Résultats définitifs : la Cour constitutionnelle se prononcera entre vendredi et samedi

Attendus depuis ce lundi, les résultats définitifs des élections présidentielle et des gouverneurs des îles seront proclamés entre vendredi et samedi par la Cour constitutionnelle. Mais tout le monde se demande si la haute juridiction peut modifier, voire renverser les résultats provisoires.

D’après les membres de la Cour constitutionnelle qu’on a pu contacter ce lundi matin, il n’est pas possible d’avoir les résultats définitifs avant vendredi, même si le plus gros du travail est déjà réalisé. « L’examen de tous les recours déposés est terminé. On va maintenant entamer les débats qui risquent de prendre un peu de temps. Tout dépend des dossiers », confie un conseiller qui estime que d’ici à vendredi on peut avoir les résultats. Mais un autre membre de la haute juridiction pose la question de la rédaction des décisions pour renvoyer à samedi la date la plus sûre.

Cette longue attente angoisse les Comoriens qui voudraient en finir avec cette fièvre électorale. Chaque camp continue de réclamer la victoire. L’un, celui du colonel Azali et de toute l’opposition, se base des résultats provisoires de la CENI pour rester optimistes quant à la décision de la Cour constitutionnelle. L’autre, composé de l’UPDC et de ses alliés, compte sur l’aboutissement de leurs requêtes, notamment en annulation de plusieurs bureaux de vote pour que la situation se renverse en leur faveur. Et jusqu’ici ces derniers se disent confiants pour le verdict attendu.

Ce qui est certain : personne ne sait encore ce qui va se passer entre vendredi et samedi, à part, bien sûr, les membres de la Cour.

Celle-ci peut bien confirmer les résultats de la CENI et de ses démembrements et proclamer Azali Asssoumani président de l’Union des Comores, ainsi que les gouverneurs déclarés élus par les CEII. Et cela voudrait dire que la Cour a estimé que le processus électoral s’est bien déroulé et qu’aucun fait majeur susceptible de d’entacher la crédibilité des résultats n’a été constaté.

Mais rien n’empêche à cette même Cour, après avoir relevé et sanctionné des irrégularités, de modifier, voire renverser les résultats au profit de tel ou tel candidat qui avait été proclamé vaincu par les résultats provisoires.
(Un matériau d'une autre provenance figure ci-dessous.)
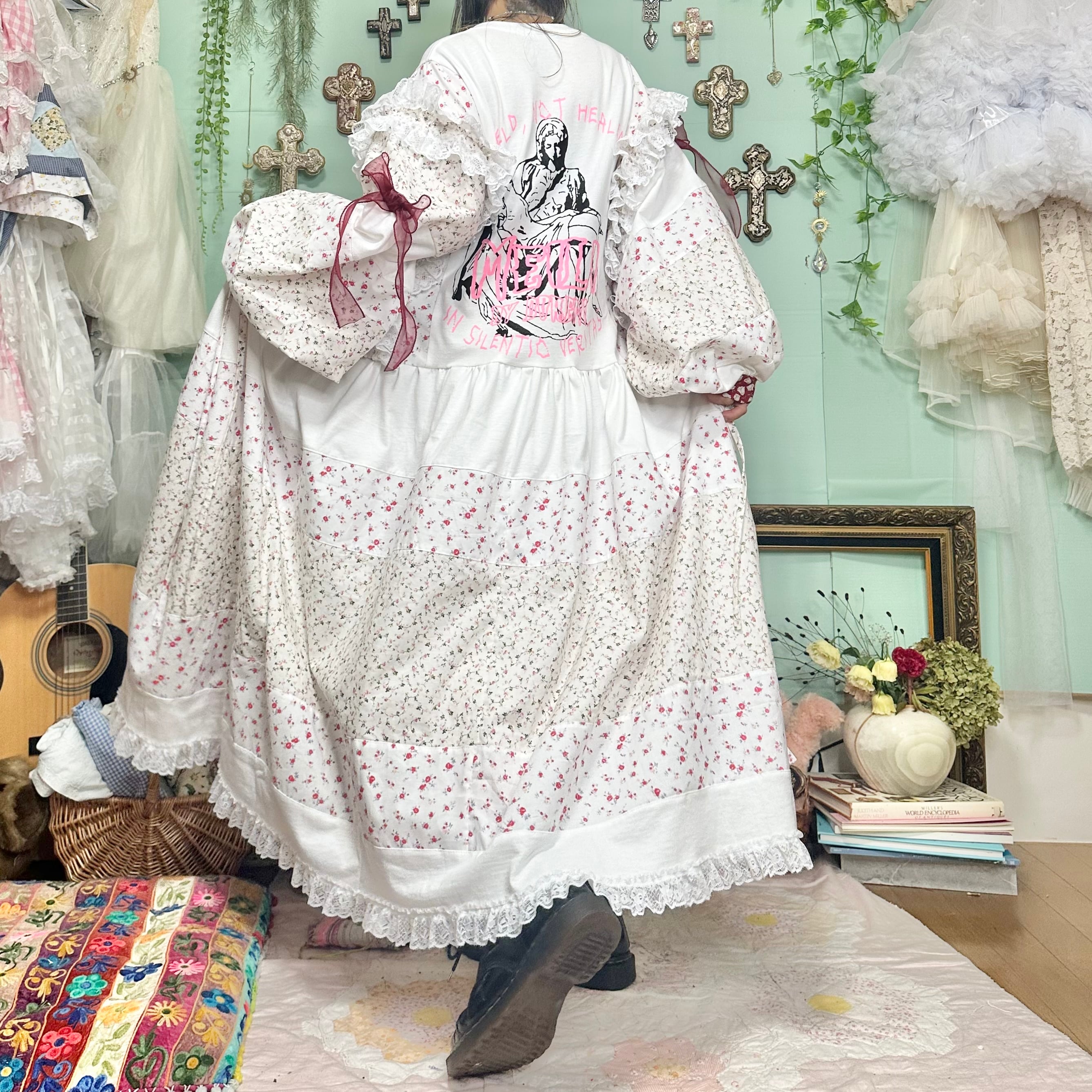 大胆にピエタをシルクスクリーンでバックプリントしたオリジナルTシャツをリメイクしたワンピース。
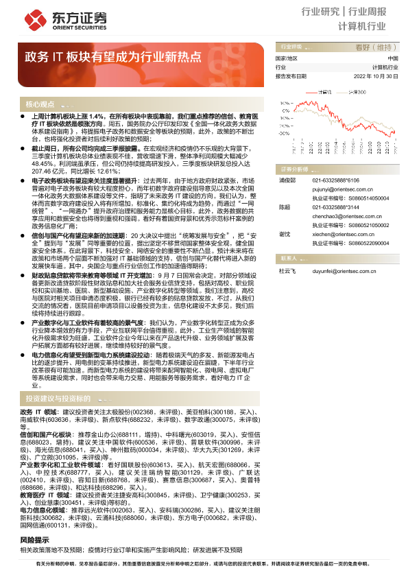 【东方证券】【20221030】计算机行业行业周报:政务IT板块有望成为行业新热点-11页

Dans tous les cas, la Cour constitutionnelle a une obligation de motiver sa décision, même si après son verdict il n’y a plus de recours possible. En 2010, Bianrifi Tirmidhi a été relégué en 4e position par le juge constitutionnel après que la CENI l’avait placé en 3e à l’issue de la primaire de Mohéli. Lors des dernières législatives, des candidats déclarés admis au second tour par la CENI se sont retrouvés éliminés par la décision de la Cour constitutionnelle. Le plus important, c’est que tout le monde doit se soumettre à cette décision au nom de la démocratie et de la paix.